DATASET EXTRACT:
▶

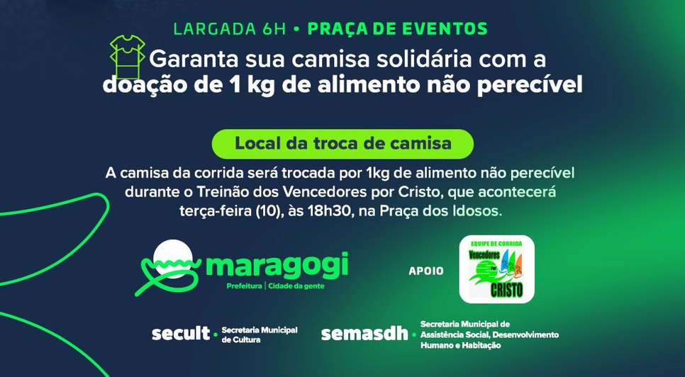 A Prefeitura de Maragogi reforça o convite para que moradores e visitantes participem da atividade, promovendo um momento de integração, incentivo à prática esportiva e apoio às ações solidárias desenvolvidas no município.
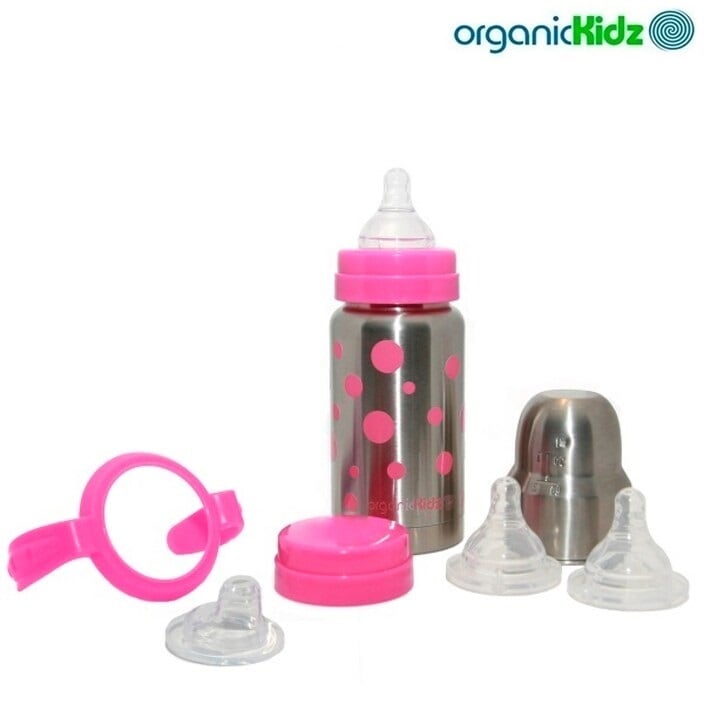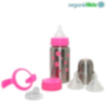 OrganicKidz Baby Grows Up Pink Dots er en multifunktionel sutteflaske i rustfrit stål på 200 ml, som kan bruges fra fødslen og helt op til skolealderen. Sættet indeholder tre bløde silikonesutter med forskellige drikkehastigheder, et aftageligt håndtag, en drikketud og to flaskehætter, hvilket gør det nemt at tilpasse flasken efter barnets alder og behov. Den dobbelte væg og termofunktion holder drikken varm eller kold i op til 6 timer, hvilket gør flasken perfekt til hjemmebrug, på ture, i byen eller i naturen. Den bule- og brudsikre flasken er et børne- og miljøvenligt alternativ til plast- eller aluminiumsflasker. Flasken kan gradvist omdannes fra sutteflaske til småbarns drikkeflaske og til sidst til skolebørns drikketermo, hvilket giver langvarig funktionalitet. Sættet leveres i en smuk gaveæske og er ideelt som dåbsgave. Flasken er fri for PVC, bisphenol A og ftalater og kan vaskes i opvaskemaskinen på øverste hylde.
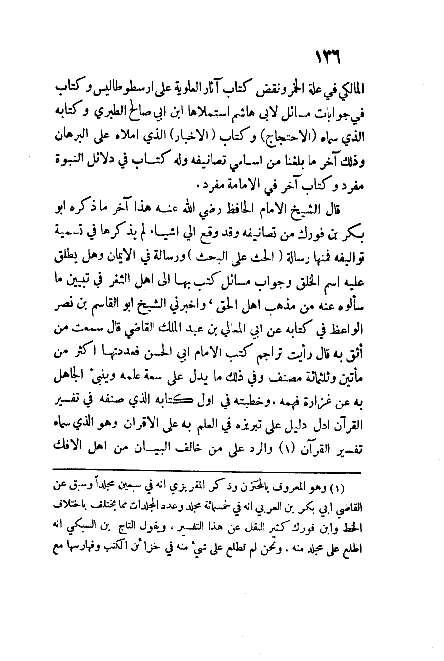قَالَ الشَّيْخ الإِمَام الْحَافِظ رَضِيَ اللَّهُ عَنْهُ هَذَا آخر مَا ذكره أَبُو بكر بن فورك من تصانيفه وَقد وَقع إِلَى أَشْيَاء لم يذكرهَا فِي تَسْمِيَة تواليفه فَمِنْهَا رِسَالَة الْحَث على الْبَحْث ورسالة فِي الْإِيمَان وَهل يُطلق عَلَيْهِ اسْم الْخلق وَجَوَاب مسَائِل كتب بهَا إِلَى أهل الثغر فِي تَبْيِين مَا سَأَلُوهُ عَنهُ من مَذْهَب أهل الْحق وأَخْبَرنِي الشَّيْخ أَبُو الْقَاسِمِ بْنُ نصر الْوَاعِظ فِي كِتَابه عَنْ أَبِي الْمَعَالِي بن عَبْدِ الْمَلِكِ الْقَاضِي قَالَ سَمِعت من أَثِق بِهِ قَالَ رَأَيْت تراجم كتب الإِمَام أَبِي الْحسن فعددتها أَكثر من مِائَتَيْنِ وثلثمائة مُصَنف وَفِي ذَلِك مَا يدل على سَعَة علمه وينبىء الْجَاهِل بِهِ عَن غزارة فهمه وخطبته فِي أول كِتَابه الَّذِي صنفه فِي تَفْسِير الْقُرْآن أدل دَلِيل على تبريزه فِي الْعلم بِهِ على الأقران وَهُوَ الَّذِي سَمَّاهُ تَفْسِير الْقُرْآن وَالرَّدّ على من خَالف الْبَيَان من أهل الْإِفْك

◀

WORK ORDER:
"OrganicKidz Baby Grows" marks the first line to copy; copy that line and every line after it through the last line of the listing, exactly and without pictures.

SOLUTION TO THE EXERCISE:
 OrganicKidz Baby Grows Up Pink Dots er en multifunktionel sutteflaske i rustfrit stål på 200 ml, som kan bruges fra fødslen og helt op til skolealderen. Sættet indeholder tre bløde silikonesutter med forskellige drikkehastigheder, et aftageligt håndtag, en drikketud og to flaskehætter, hvilket gør det nemt at tilpasse flasken efter barnets alder og behov. Den dobbelte væg og termofunktion holder drikken varm eller kold i op til 6 timer, hvilket gør flasken perfekt til hjemmebrug, på ture, i byen eller i naturen. Den bule- og brudsikre flasken er et børne- og miljøvenligt alternativ til plast- eller aluminiumsflasker. Flasken kan gradvist omdannes fra sutteflaske til småbarns drikkeflaske og til sidst til skolebørns drikketermo, hvilket giver langvarig funktionalitet. Sættet leveres i en smuk gaveæske og er ideelt som dåbsgave. Flasken er fri for PVC, bisphenol A og ftalater og kan vaskes i opvaskemaskinen på øverste hylde.
قَالَ الشَّيْخ الإِمَام الْحَافِظ رَضِيَ اللَّهُ عَنْهُ هَذَا آخر مَا ذكره أَبُو بكر بن فورك من تصانيفه وَقد وَقع إِلَى أَشْيَاء لم يذكرهَا فِي تَسْمِيَة تواليفه فَمِنْهَا رِسَالَة الْحَث على الْبَحْث ورسالة فِي الْإِيمَان وَهل يُطلق عَلَيْهِ اسْم الْخلق وَجَوَاب مسَائِل كتب بهَا إِلَى أهل الثغر فِي تَبْيِين مَا سَأَلُوهُ عَنهُ من مَذْهَب أهل الْحق وأَخْبَرنِي الشَّيْخ أَبُو الْقَاسِمِ بْنُ نصر الْوَاعِظ فِي كِتَابه عَنْ أَبِي الْمَعَالِي بن عَبْدِ الْمَلِكِ الْقَاضِي قَالَ سَمِعت من أَثِق بِهِ قَالَ رَأَيْت تراجم كتب الإِمَام أَبِي الْحسن فعددتها أَكثر من مِائَتَيْنِ وثلثمائة مُصَنف وَفِي ذَلِك مَا يدل على سَعَة علمه وينبىء الْجَاهِل بِهِ عَن غزارة فهمه وخطبته فِي أول كِتَابه الَّذِي صنفه فِي تَفْسِير الْقُرْآن أدل دَلِيل على تبريزه فِي الْعلم بِهِ على الأقران وَهُوَ الَّذِي سَمَّاهُ تَفْسِير الْقُرْآن وَالرَّدّ على من خَالف الْبَيَان من أهل الْإِفْك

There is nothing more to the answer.